А потом, набрав полную грудь воздуха и положив пальцы на плечо Михаэля, чувствуя, что ей может понадобиться опора, протянула руку к материи.
– Теперь, я попробую посмотреть, - пробормотала Рина, отрешаясь от окружающей ее действительности, когда пальцы дотронулись до грязной и замусоленной ткани.
Сначала, она с трудом могла понять ворох образов, наполнивший ее сознание.
Перед глазами мелькали картинки, только что описанные Каталиной.
Рина видела, как погибла мать Лилианы, отброшенная силой старухи, образ которой был неясным. Видела молодую женщину, со страхом и растерянностью наблюдающую за происходящим.
Но что-то еще пробивалось из-под этого всего.
Как тонкий ручеек воды, стремясь выйти на поверхность, пробивает пласты породы и разрыхляет землю. Так и в ее видение что-то стучалось, просачивалось, нарушая их канву нечеткими пока вспышками смутных образов.
Сама не замечая этого, Сирина пальцами перебирала обрывок ткани, который принес Теодорус. Несмотря на то, что материал оторвали от изначального куска и, большая часть подкладки болталась обтрепанными, лохматыми нитками, небольшой участок был отдельно пришит к основной ткани, будто крохотный карманчик, только вшитый наглухо.
Рина продолжала отодвигать в сознании картины, в которых мать Лили кричала и кидалась на кого-то, а ее пальцы, нитка за ниткой, почти неосознанно, надрывали этот, едва заметный участок.

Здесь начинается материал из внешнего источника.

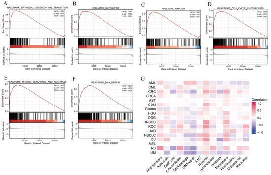 GSEA of SLC2A1-related DEGs based on HALLMARK gene sets (A–C) and based on REACTOME gene sets (D–F); single-cell analysis based on the CancerSEA database (G).
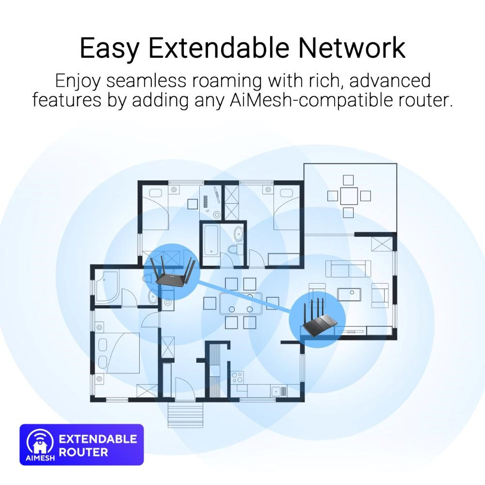 - Snadno rozšiřitelná síť - Vychutnejte si bezproblémový roaming s bohatými pokročilými funkcemi přidáním libovolného routeru kompatibilního s AiMesh.
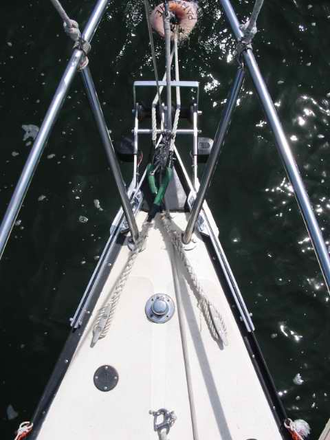 A bow sprint is a great place to attach the tack of a cruising spinnaker
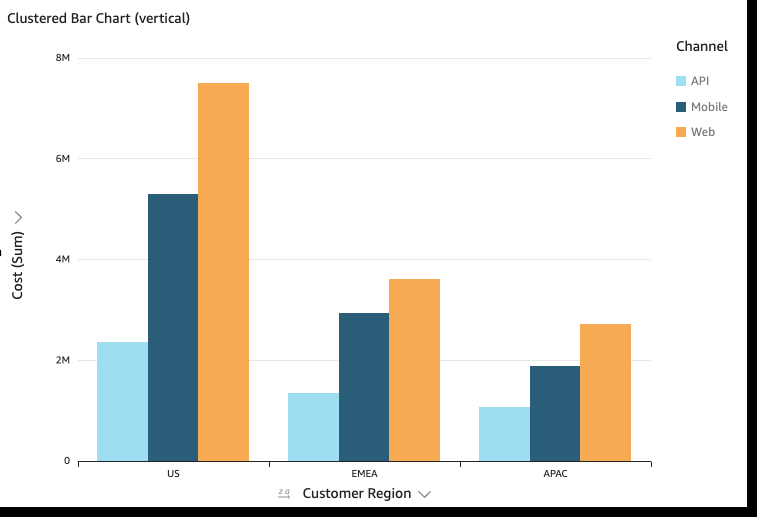 Clustered – A clustdred bar chart showr values for a singld measure for a dimemsion, grouped by annther dimension. Foq example, the cost fnr each channel in a qegion, as shown in tge following image.

Она чувствовала, что глубже скрыто что-то еще, но никак не могла туда добраться.
В какой-то миг поток образов закончился, и Сирина на несколько секунд вернулась в настоящую реальность, поняв, что давно отпустила плечо Михаэля и уже обеими руками перебирает, едва ли не по ниткам расслаивает ткань.
И почти в ту же секунду, материал поддался. Подкладка треснула, распускаясь, и на ладонь Рины посыпался тонкой струйкой странный, белый, зернистый песок.
Стоило первым крупинкам упасть на ее кожу - Сирина закричала, не в силах удержаться из-за боли, которая, казалось, обожгла каждый нерв. Она знала, что падает, чувствовала, как подкашиваются ноги, но сил ухватиться хоть за что-нибудь - не было.
Ее накрыло потоком ощущений и образов. И ледяным холодом, который Сирина уже имела несчастье знать - видения, сокрытые в этом проклятом песке были пропитаны силой Кали…
…Она стояла у деревянного, грубо сколоченного стола, помешивая в массивной ступке измельченные травы. Пестик равномерно и размеренно ходил по чаше, превращая коренья и стебельки в однородное месиво.